Work instructions>
In the entries below, find the line with "Vous pouvez alimenter" and print exactly every line from there up to and including the line with "A contemporary twist", with no other lines.

Data to use>
[Start of section]

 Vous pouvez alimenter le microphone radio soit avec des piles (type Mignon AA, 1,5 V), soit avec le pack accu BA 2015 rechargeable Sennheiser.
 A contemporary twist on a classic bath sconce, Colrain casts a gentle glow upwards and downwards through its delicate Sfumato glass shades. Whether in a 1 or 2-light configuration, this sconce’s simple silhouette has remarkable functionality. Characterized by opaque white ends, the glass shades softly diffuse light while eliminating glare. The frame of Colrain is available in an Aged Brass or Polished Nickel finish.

[End of section]
[Start of section]

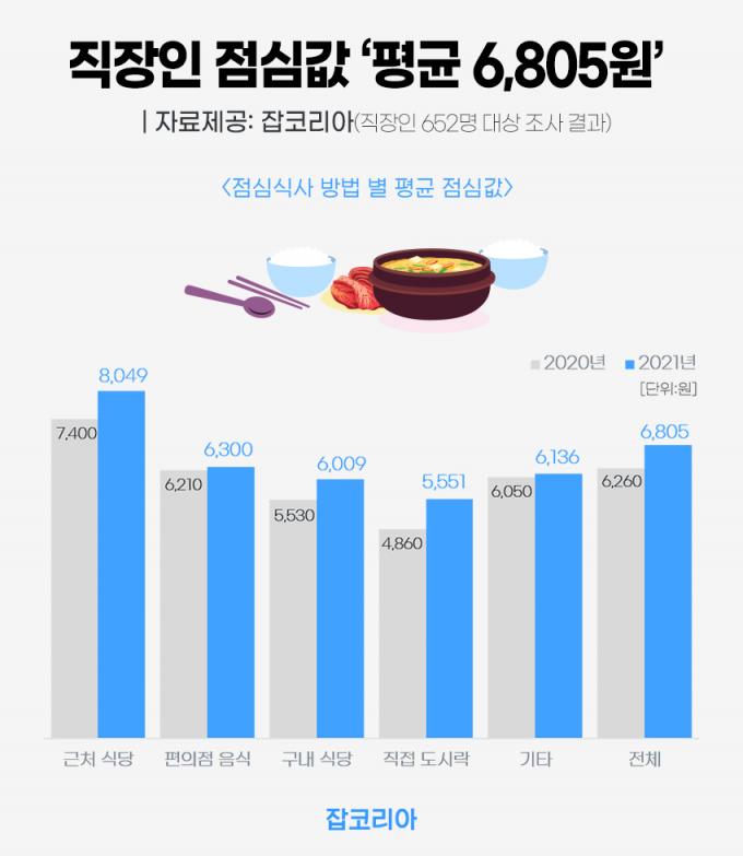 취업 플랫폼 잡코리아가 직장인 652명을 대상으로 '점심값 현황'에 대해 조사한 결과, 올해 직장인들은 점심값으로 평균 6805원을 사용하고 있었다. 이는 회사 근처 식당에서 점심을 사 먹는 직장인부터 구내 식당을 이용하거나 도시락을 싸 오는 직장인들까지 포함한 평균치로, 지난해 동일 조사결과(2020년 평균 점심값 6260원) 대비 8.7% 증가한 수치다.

[End of section]

Solved problem>
 Vous pouvez alimenter le microphone radio soit avec des piles (type Mignon AA, 1,5 V), soit avec le pack accu BA 2015 rechargeable Sennheiser.
 A contemporary twist on a classic bath sconce, Colrain casts a gentle glow upwards and downwards through its delicate Sfumato glass shades. Whether in a 1 or 2-light configuration, this sconce’s simple silhouette has remarkable functionality. Characterized by opaque white ends, the glass shades softly diffuse light while eliminating glare. The frame of Colrain is available in an Aged Brass or Polished Nickel finish.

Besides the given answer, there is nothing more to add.